Dealer margins are under extreme pressure: total profit before tax for the AM100 companies has fallen 25% year-on-year and average margin are at only 1% for the largest groups. The 2013 UK Franchised Dealer Market Report provides detailed analysis of the financial performance of the AM100 by turnover, profit, return on sale and return on capital employed.

And in every month of 2012 a franchised group has been going into administration or out of business (Approach UK, Stevens, Holiways, Seward (Wessex), Adrian Smith) or been acquired (W Grose, Isaac Agnew, Corkills Chester, Essex Audi) by a small number of larger, cash rich businesses, many with an eye on the approaching revised block exemption regulation that will see many of the powers of self-determination enjoyed by franchised groups removed and passed on to manufacturers. The 2013 UK Franchised Dealer Market Report provides an update on the latest indications of the new BER from Brussels, the impact on the dealer/manufacturer relationship and the primary causes of concern for retailers.

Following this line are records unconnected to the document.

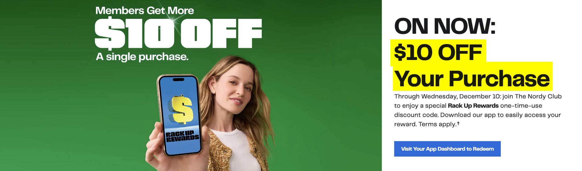 💵 Free $10 OFF at Nordstram Rack: Until this Wednesday (December 10) new and existing members of the free to join “Nordy Club reward program” will score a one time use $10 discount code that you can use toward any Nordstrom Rack online purchase until 10:59pm PT December 10th. A minimum $10.01 purchase is required.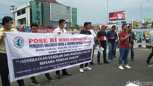 Pantauan detikSumbagsel di lapangan, peserta aksi sekitar 15 orang memberikan orasi di depan Mapolda Sumsel. Tampak pula personel kepolisian berjaga di depan pagar selama aksi berlangsung.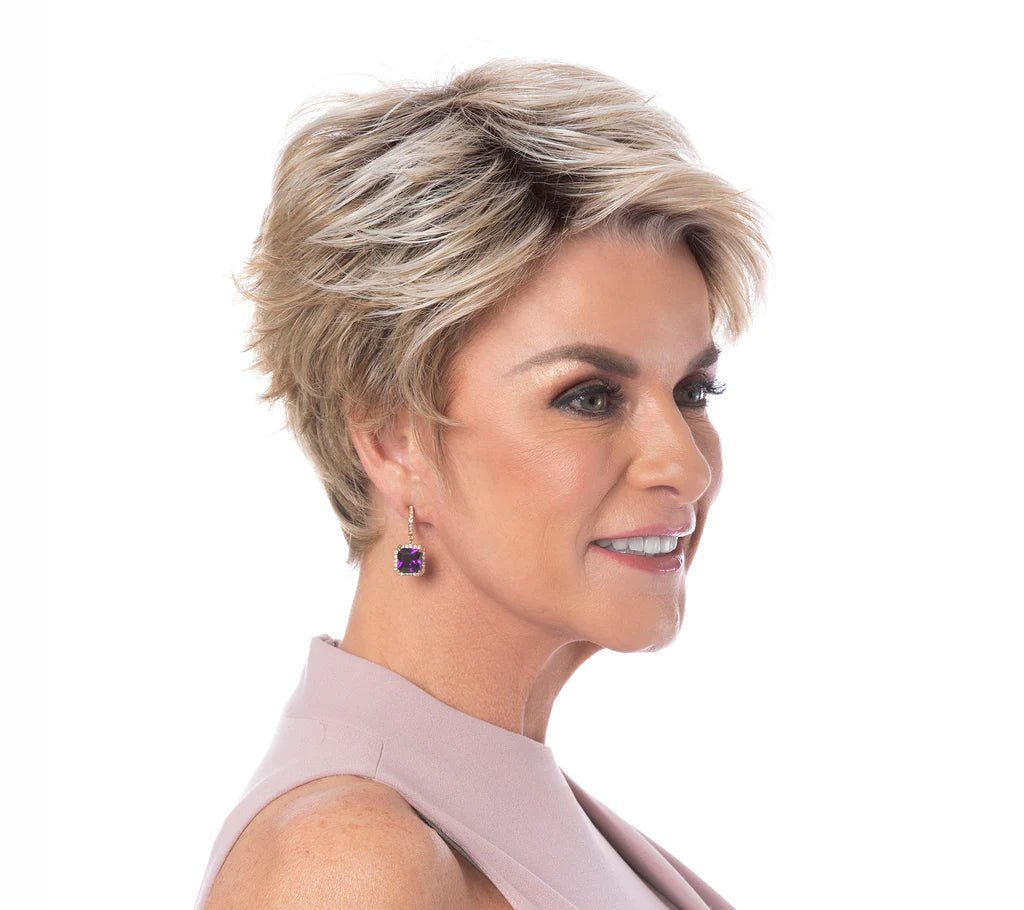 The Toni Brattin Inspiration Wig features All-Over Loose Layering with Textured Flipped Ends that Sweep Up Softly in the Back. The Inspiration Short and Casual Styling is accented by the Subtle Contour and Tapered Neckline. Wear Tousled or Smooth depending on Your Mood for a Natural Look. Available in Regular & Plus Sizes - the Specially designed Wig Cap can be Easily Adjusted for a Custom, Secure and Comfortable Fit using the Sizing Tabs in the Neckline of the Wig. Nylon Wig Cap Included. All Toni Brattin Wigs have the Look and Feel of Healthy, Natural Hair.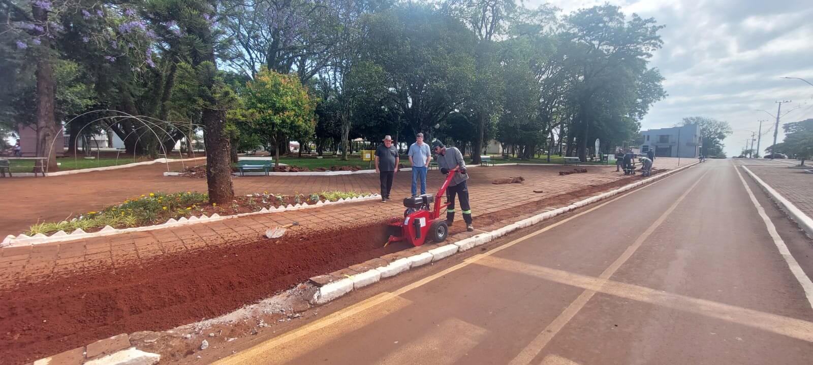Acompanhando o início dos trabalhos estiveram presentes o Prefeito em exercício Paulo Sérgio Gonzatto, o secretário de Planejamento Luciano André Schunemann e a engenheira civil Tanise Ferrari Agnoletto.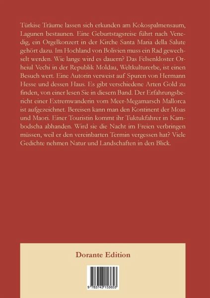 Türkise Träume lassen sich erkunden am Kokospalmensaum, Lagunen bestaunen. Eine Geburtstagsreise führt nach Venedig, ein Orgelkonzert in der Kirche Santa Maria della Salute gehört dazu. Im Hochland von Bolivien muss ein Rad gewechselt werden. Wie lange wird es dauern? Das Felsenkloster Orheiul Vechi in der Republik Moldau, Weltkulturerbe, ist einen Besuch wert. Eine Autorin verweist auf Spuren von Hermann Hesse und dessen Haus. Es gibt verschiedene Arten Gold zu finden, von einer lesen Sie in diesem Band. Der Erfahrungsbericht einer Extremwanderin vom Meer-Megamarsch Mallorca ist aufgezeichnet. Bereisen kann man den Kontinent der Moas und Maori. Einer Touristin kommt ihr Tuktukfahrer in Kambodscha abhanden. Wird sie die Nacht im Freien verbringen müssen, weil er den vereinbarten Termin vergessen hat? Viele Gedichte nehmen Natur und Landschaften in den Blick.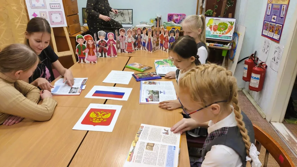 В дополнение к рассказу библиотекарь провела обзор научно-популярных изданий для учащихся по данной теме из фондов библиотеки: С. Ю. Афонькин «Народы России», А. В. Голубев «История России», В. О. Никишин «Россия» и др.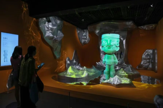 9 月底,周同学和上海博物馆携手打造了“了不起的老祖宗 —— 周同学的时空奇遇记” 主题艺术秀 ,以 “周同学” 作为叙事向导,联动上海博物馆 12 件馆藏珍贵文物,设置了多个特色单元。比如在 “玉见未来” 单元,四千多年前的 “玉神人” 被转译为戴未来感冠帽的周同学巨像投影,传递古人对天地的敬畏;“青铜跨时代” 单元里,上博镇馆之宝大克鼎的元素融入周同学铠甲设计,化身 “青铜卫士周同学”。让这场活动不仅是 IP 与文物的简单叠加,更是借助“周同学”的叙事能力,让传统文化以更亲切的方式触达年轻群体。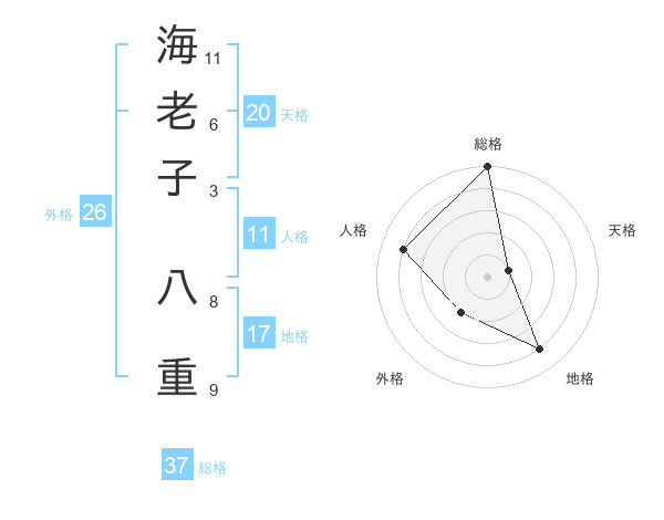 海老子 八重さんの総格は37画の5点!
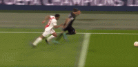注意观察,廷贝尔本来是占据身位优势的,被身后的努涅斯一顶,立刻失去对球路的控制,从而变成阿贾克斯一帮人在70多米的往返里消耗宝贵体能的结果。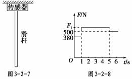 4.(2010·江苏阜宁中学调研)如图3-2-7所示为学校操场上一质量不计的竖直滑杆,滑杆上端固定,下端悬空,为了研究学生沿杆的下滑情况,在杆的顶部装有一拉力传感器,可显示杆顶端所受拉力的大小,现有一学生(可视为质点)从上端由静止开始滑下,5 s末滑到杆底时速度恰好为零,从学生开始下滑时刻计时,传感器显示拉力随时间变化情况如图3-2-8所示,g取10 m/s2,求: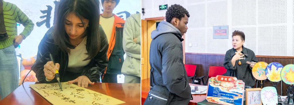 随后的互动体验环节将现场气氛推向高潮。在传承人的亲手指导下,师生与留学生们踊跃尝试。于唐流彩体验区,大家学习调配颜料、控制水流,亲眼见证色彩自然交融形成斑斓画卷;在烙画体验区,参与者们初次执握烙笔,在木板上细心烫刻属于自己的图案。留学生们尤其投入,在动手体验中不断用中文交流请教,感受中国传统工艺的奥妙与趣味。

Meanwhile manufacturers, emboldened by their increase in influence and the requirement to bring stock into the UK market, continue to seek market share increases and to expand network representation by filling more than 400 open points. The 2013 UK Franchised Dealer Market Report looks at the total number of open points and provides access to a current list of network expansion opportunities.

As a result of the domestic market pressures and those from manufacturers, the most dynamic dealer groups need to focus, like never before, on the fundamentals of the business in order to operate at maximum efficiency. The 2013 UK Franchised Dealer Market Report looks in detail at departmental considerations – new and used cars and aftersales – and the supporting elements such as F&I sales, digital marketing, service plans and the absolute fundamentals of dealership staffing, working practises and processes and customer service.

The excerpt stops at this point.